The simplest, and probably best, answer is:

Because Pathfinder is a game, and your friend's novel is a book.

What do I mean by that? Well, every medium has certain strengths. One of the strengths of a book is that the author controls 100% of the actions and consequences within the book. That means magic can have wild and unpredictable side effects for even minor spells without ruining the entire experience. However, games do not share that strength (indeed, they would not be games at all if anyone had absolute control over the entire game; games require actions and consequences, and if you control everything, there are no consequences to your actions). In a game, if your character stands a chance to blow up the local area whenever he casts a spell, basic statistics will tell you that eventually your character will unintentionally blow up the local area. That's not fun (especially to the mage's companions).

Another reason is that mages just plain wouldn't get used. Take a look at Arcane Spell Failure for an example of this: ASF is a small chance for any spell you cast which has a Somatic component to fail. This is essentially the same thing as your "magic with consequences" concept except less dangerous. How many mages have you ever seen in any game ever wear armor with an actual Arcane Spell Failure chance? I've never seen even one unless they had some way to Still Spell most or all of their spells (and thus avoid ASF). It'd be even worse with your idea, because on top of not getting the spell off, actively bad things would happen.

From my perspective, you're coming at this from a view of "Magic should be difficult to use." That's fine if it's how a given GM wants to run things, but the core concepts underpinning magic in Pathfinder are that it isn't comparatively difficult to use. The assumption is that whatever you had to go through to learn to use it (whether that's the formal training of a Wizard or the intuitive casting of a Bard or Sorcerer) was gone through prior to the start of your adventuring career. You're proficient enough with your magic (whatever its source) by the time you're 1st level that you can presumably focus "on the spot" to create a willed effect even in spite of someone running in clanking metal armor to go swing a sword at a beast out of legend and myth (even if it's really just a troll; you're 1st level, your worldliness is definitely lacking, or should be). Past that, the general assumption is you're doing the things that lead to the automatic higher-level spells you get as you go up in character level "between adventures". This glosses over a lot. If you wanted to RP it, the Wizard is probably sitting there at camp every night with a "spare spellbook", an experimental log, trying things out. He/she may be experimenting with different components and channeling "raw magic" through them to see if an effect can be created. It would be both comical and threatening if they discovered Fireball by accident. Or maybe they just channeled a tiny bit of "raw magic" and extrapolated from there that "If I put some bat guano and sulphur together and push the magic through it this way, with my hands forming this focal pattern, I can generate an explosion of magical fire." It's nice fluff, but the mechanics don't require it: they gloss over that stuff to keep players invested in the "fun".

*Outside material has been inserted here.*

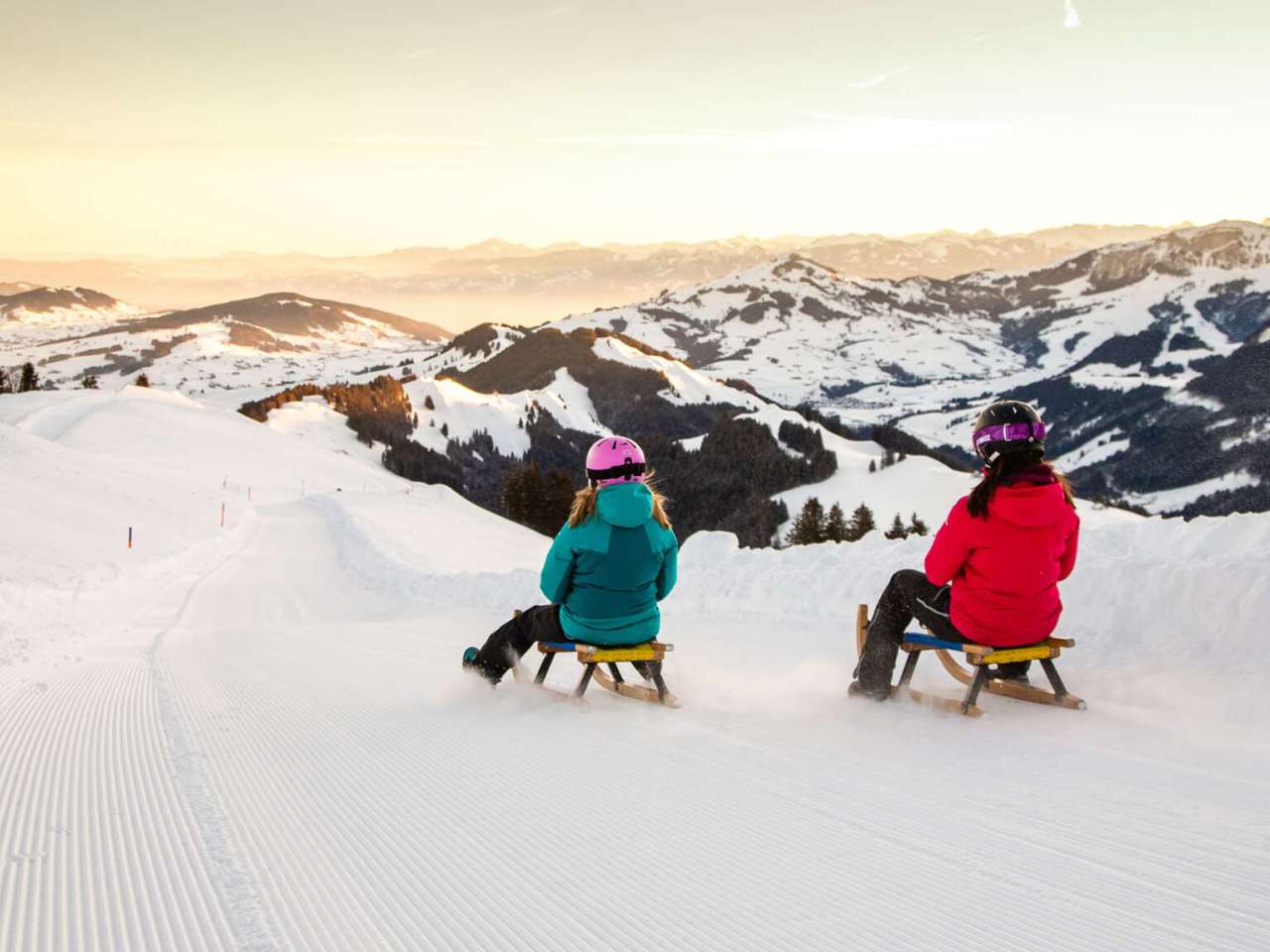 Mit rund 7 Kilometern Länge ist der Schlittelweg vom Gipfel zurück zur Talstation nicht nur der längste der Ostschweiz. Er ist auch einer der abwechslungs- und aussichtsreichsten. Den Startpunkt beim Gipfelkreuz erreichem Sie bequem mit der Luftseilbahn. Die Strecke führt über die Scheidegg, Chlepfhütten, Roos und zurück zur Talstation Jakobsbad. Es hat einzelne sehr anspruchsvolle Streckenabschnitte, weshalb der Schlittelweg für Kleinkinder nicht empfohlen wird. Der Schlittelweg wird nicht künstlich beschneit. Daher kann es vorkommen, dass einzelne Abschnitte wenig oder teils keinen Schnee haben. Und es muss mit den beim Schlitteln typischerweise entstehenden Wellen und Buckeln gerechnet werden.

5th Edition seems to use this "raw magic" concept a lot more concretely, since you're no longer required to prepare spells ahead of time. You have spells you know, and you have a certain number of slots of each spell level per day, in which you can cast spells of that level, or insert spells of a lower level for a more powerful effect. It provides a lot more versatility and freedom to spellcasters. It was apparently concluded that too much forethought into what spells to prepare each day was negatively impacting fun. I happen to agree.

But it also brings up an interesting thing: cantrips no longer get "used" when they're cast. Whatever cantrips a Wizard has prepared, or a Sorcerer just knows, can be cast as many times as they like. In that kind of scenario, yes, there's no mechanical reason for a spellcaster doing their own dishes by hand: Prestidigitation would just clean their dishes for them, Light would illuminate things for them, etc.

Which then brings us back to fluff: it's easy to come up with an RP reason for why magic shouldn't be used so casually. The fallback is often "Magic has a price." But if you start implementing a mechanical price above/beyond the fire-and-forget system, you're going above and beyond the rules themselves, and those kinds of house rules should be discussed with your group, as it can have a meaningful effect on whether a given player wants to play a spellcasting class or not.

Me, if I were to encounter a GM who wanted to place additional restrictions on magic beyond what's in the rules, I'd just choose not to play a spellcaster. I think there are more people than I care to think about who just like to nerf magic as much as they can because they just don't want to put in the effort to deal with its effects.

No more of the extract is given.